====== DATA EXTRACTS

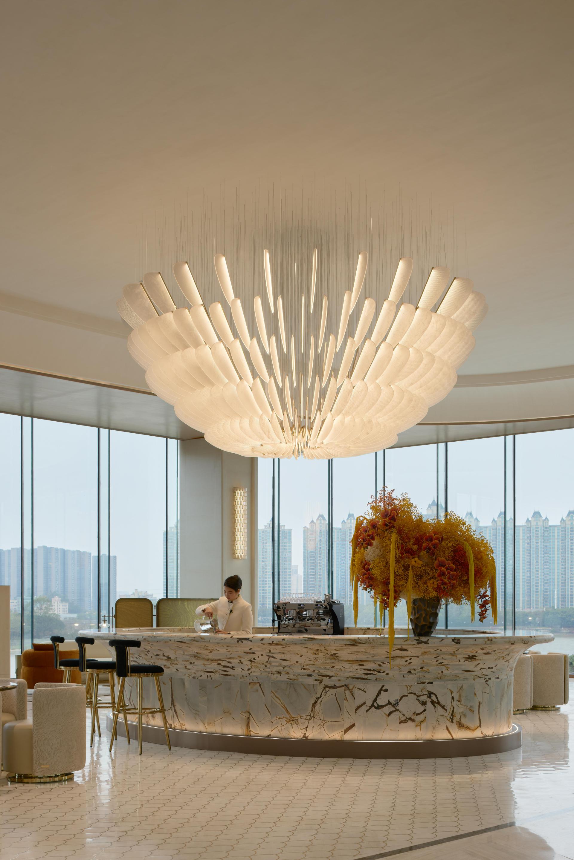 The sales circulation unfolds through five sequential chapters—Tracing the River, Reflecting Clouds, Dynamic Currents, Floating Journey, and Restful Haven—guiding visitors from arrival and interaction to relaxation and emotional engagement. A multi-sensory design strategy forms the foundation of the project, combining stone, wood, leather, and metal with curated art installations, bespoke lighting, floral compositions, am-bient music, and a customized scent system to create an immersive spatial experience.
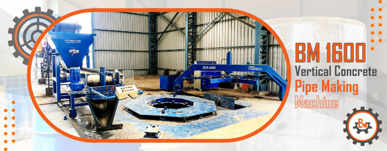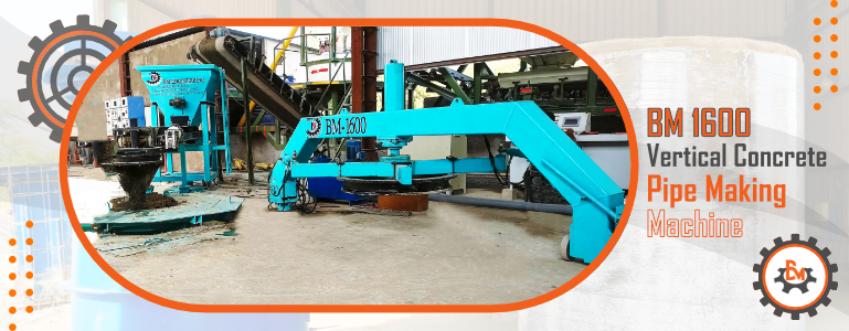 BM-1600 Vertical Vibration Casting Concrete Pipe Making Machine is one of the most advanced Concrete pipes making technology in the world, which integrate the technology of mechanical, electric, Hydraulic and Semi and Fully Automatics. The machine can produce products in BM-1600 size 300 mm to 1600 mm and a length of up to 2.5 meters.
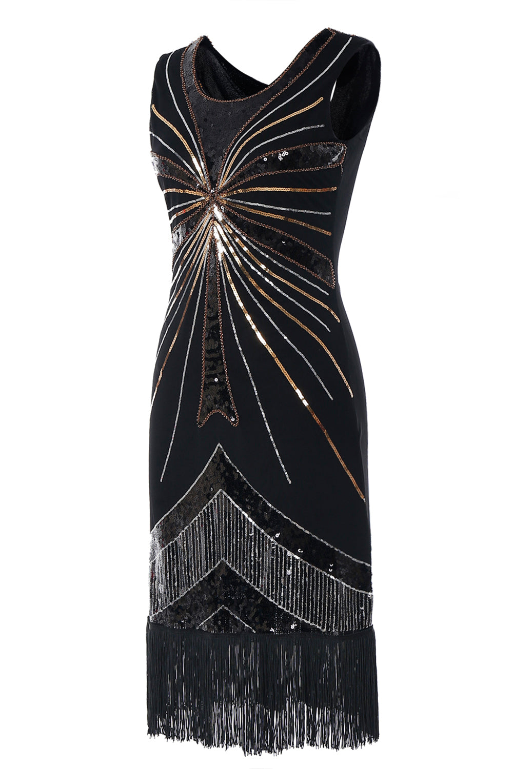 Black 1920s Sequins Fringe Flapper Dress
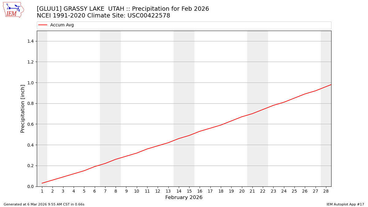 Description: This chart is of daily precipitation for the month. The red line would be an average month while the blue line and bars are observations.
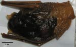 During scanning of the whole skeleton, it was discovered that this female specimen contained a single, well-developed embryo, which can be viewed on its own page here. Thyroptera tricolor breeds twice annually and mating is known to be polygonous. The young are unable to fly for the first month and so after birth the mother will carry her single offspring in flight, with the baby clinging to her abdomen (Anderson and Jones 1984).
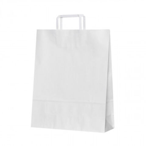 | 白色の紙袋です。ギフトのラッピングなど、幅広いシーンで活躍すること間違いなし。 |
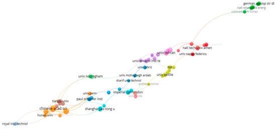 A minimum number of 5 publications (and 10 citations) were chosen for the bibliometric analysis, which resulted in 85 nodes. Some of them were not connected in the network, since they did not meet the publication criteria or did not cite any of the other filtered groups. Therefore, the largest set of connected items (69) was represented instead in Figure 7. Based on that figure, the different collaborations among the institutions can be observed. This kind of analysis is relevant because it allows scholars to identify the main institutions publishing on ISCC (nodes size) and linking relations (citations) among them. For example, Universidad Politécnica de Madrid had joint publications in ISCC together with Universidad Carlos III and UNED. Meanwhile, North China Electric Power University had joint publications in ISCC together with Hunan University, the Chinese Academy of Sciences, Tianjin University, Nanyang Technology University, Huazhong University, the University of Pennsylvania and the Technical University of Denmark. Table A2 from Appendix A contains the detailed information about the clusters shown in Figure 7.
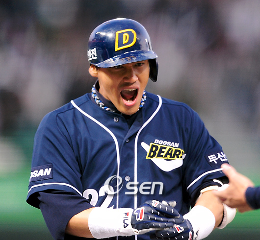 '2008 삼성 PAVV 프로야구' 한국시리즈1차전 SK 와이번스와 두산 베어스의 경기가 26일 인천 문학야구장에서 벌어져 두산이 아버지의 장례식 참가도 미룬 랜들의 역투와 최준석의 2타점 적시타를 앞세워 5-2로 서전을 승리로 장식했다. 9회초 1사 홍성흔이 승부에 쐐기를 박는 솔로홈런을 치고 환호하고 있다. /인천=손용호 기자spjj@osen.co.kr

============

TASK GOAL -
Leave out the pictures, then return every line of the data exactly.

WRITTEN SOLUTION -
 The sales circulation unfolds through five sequential chapters—Tracing the River, Reflecting Clouds, Dynamic Currents, Floating Journey, and Restful Haven—guiding visitors from arrival and interaction to relaxation and emotional engagement. A multi-sensory design strategy forms the foundation of the project, combining stone, wood, leather, and metal with curated art installations, bespoke lighting, floral compositions, am-bient music, and a customized scent system to create an immersive spatial experience.
 BM-1600 Vertical Vibration Casting Concrete Pipe Making Machine is one of the most advanced Concrete pipes making technology in the world, which integrate the technology of mechanical, electric, Hydraulic and Semi and Fully Automatics. The machine can produce products in BM-1600 size 300 mm to 1600 mm and a length of up to 2.5 meters.
 Black 1920s Sequins Fringe Flapper Dress
 Description: This chart is of daily precipitation for the month. The red line would be an average month while the blue line and bars are observations.
 During scanning of the whole skeleton, it was discovered that this female specimen contained a single, well-developed embryo, which can be viewed on its own page here. Thyroptera tricolor breeds twice annually and mating is known to be polygonous. The young are unable to fly for the first month and so after birth the mother will carry her single offspring in flight, with the baby clinging to her abdomen (Anderson and Jones 1984).
 | 白色の紙袋です。ギフトのラッピングなど、幅広いシーンで活躍すること間違いなし。 |
 A minimum number of 5 publications (and 10 citations) were chosen for the bibliometric analysis, which resulted in 85 nodes. Some of them were not connected in the network, since they did not meet the publication criteria or did not cite any of the other filtered groups. Therefore, the largest set of connected items (69) was represented instead in Figure 7. Based on that figure, the different collaborations among the institutions can be observed. This kind of analysis is relevant because it allows scholars to identify the main institutions publishing on ISCC (nodes size) and linking relations (citations) among them. For example, Universidad Politécnica de Madrid had joint publications in ISCC together with Universidad Carlos III and UNED. Meanwhile, North China Electric Power University had joint publications in ISCC together with Hunan University, the Chinese Academy of Sciences, Tianjin University, Nanyang Technology University, Huazhong University, the University of Pennsylvania and the Technical University of Denmark. Table A2 from Appendix A contains the detailed information about the clusters shown in Figure 7.
 '2008 삼성 PAVV 프로야구' 한국시리즈1차전 SK 와이번스와 두산 베어스의 경기가 26일 인천 문학야구장에서 벌어져 두산이 아버지의 장례식 참가도 미룬 랜들의 역투와 최준석의 2타점 적시타를 앞세워 5-2로 서전을 승리로 장식했다. 9회초 1사 홍성흔이 승부에 쐐기를 박는 솔로홈런을 치고 환호하고 있다. /인천=손용호 기자spjj@osen.co.kr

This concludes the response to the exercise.